DMSO is a substance totally strange to medical science. It has a novel mode of action not understood within the context of our current healing concepts. It is an altogether new principle that will possibly revolutionize therapeutics once it is studied in a more exacting way. For now, however, DMSO is not being studied in accordance with the standard double- or single-blind procedures commonly used in the scientific method. This is the present problem. And it is one that has perplexed the medical community ever since DMSO was first discovered to have therapeutic value to counter human injury and heal human disease.
The existence of this new anti-inflammatory painkiller raises the questions: How can it be established with certainty the degree to which DMSO does or does not work for the numerous and varied conditions reported in the medical literature by clinicians using it successfully? Are we able to break the logjam that enables a federal agency to keep this drug from general use because its research studies don’t conform to the regulations laid down by that same federal government for its citizens’ protection? Does DMSO have a history of controversy among pioneering health professionals and bureaucratic medical conservatives alike, because neither group truly comprehends how radically this substance departs from known principles of healing? Must DMSO remain controversial?
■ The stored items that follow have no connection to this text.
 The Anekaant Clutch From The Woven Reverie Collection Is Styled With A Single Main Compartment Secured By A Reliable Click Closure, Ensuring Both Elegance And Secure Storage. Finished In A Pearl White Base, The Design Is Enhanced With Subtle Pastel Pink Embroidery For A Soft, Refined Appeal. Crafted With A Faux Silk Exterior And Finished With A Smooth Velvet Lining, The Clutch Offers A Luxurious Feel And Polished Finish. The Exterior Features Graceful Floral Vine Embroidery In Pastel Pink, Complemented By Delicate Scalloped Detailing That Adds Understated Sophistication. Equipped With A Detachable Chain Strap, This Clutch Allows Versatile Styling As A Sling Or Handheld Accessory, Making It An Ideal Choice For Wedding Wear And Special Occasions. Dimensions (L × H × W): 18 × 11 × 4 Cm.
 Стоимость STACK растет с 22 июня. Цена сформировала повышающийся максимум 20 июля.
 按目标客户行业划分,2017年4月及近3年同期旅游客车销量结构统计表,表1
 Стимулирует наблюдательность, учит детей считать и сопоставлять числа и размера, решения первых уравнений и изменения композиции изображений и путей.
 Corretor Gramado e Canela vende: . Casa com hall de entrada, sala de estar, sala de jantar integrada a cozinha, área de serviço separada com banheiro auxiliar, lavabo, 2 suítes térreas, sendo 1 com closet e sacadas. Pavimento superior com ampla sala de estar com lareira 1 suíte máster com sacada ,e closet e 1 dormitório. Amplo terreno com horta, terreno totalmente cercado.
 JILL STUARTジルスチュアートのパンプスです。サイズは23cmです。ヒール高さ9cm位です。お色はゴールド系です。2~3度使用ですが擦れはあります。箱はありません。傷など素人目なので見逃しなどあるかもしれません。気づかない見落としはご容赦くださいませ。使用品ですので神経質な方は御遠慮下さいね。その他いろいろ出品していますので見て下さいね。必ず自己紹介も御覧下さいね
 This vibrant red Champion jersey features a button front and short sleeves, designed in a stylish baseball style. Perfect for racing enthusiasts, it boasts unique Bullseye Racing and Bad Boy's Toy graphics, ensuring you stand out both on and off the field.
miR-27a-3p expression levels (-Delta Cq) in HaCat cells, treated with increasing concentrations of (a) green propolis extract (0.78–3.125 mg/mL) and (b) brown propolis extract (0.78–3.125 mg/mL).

«DMSO was first synthesized in 1866 by Russian scientist Alexander Saytzeff in Kazan, on the Volga River in Central Russia. He saw that the substance was colorless, had a garlic-like odor, felt oily to the touch, looked like mineral oil when poured from the test tube, and left an aftertaste similar to clams or oysters. It had laboratory curiosity value for Dr. Saytzeff and his fellow chemists because dimethyl sulfoxide combined with almost any chemical he dropped into the liquid.
It was an excellent solvent, useful as a degreaser, paint thinner, and antifreeze. For about eighty years, the only publication advising scientists about the stuff was a paper Dr. Saytzeff had submitted to an obscure German chemistry journal that printed his article in 1867.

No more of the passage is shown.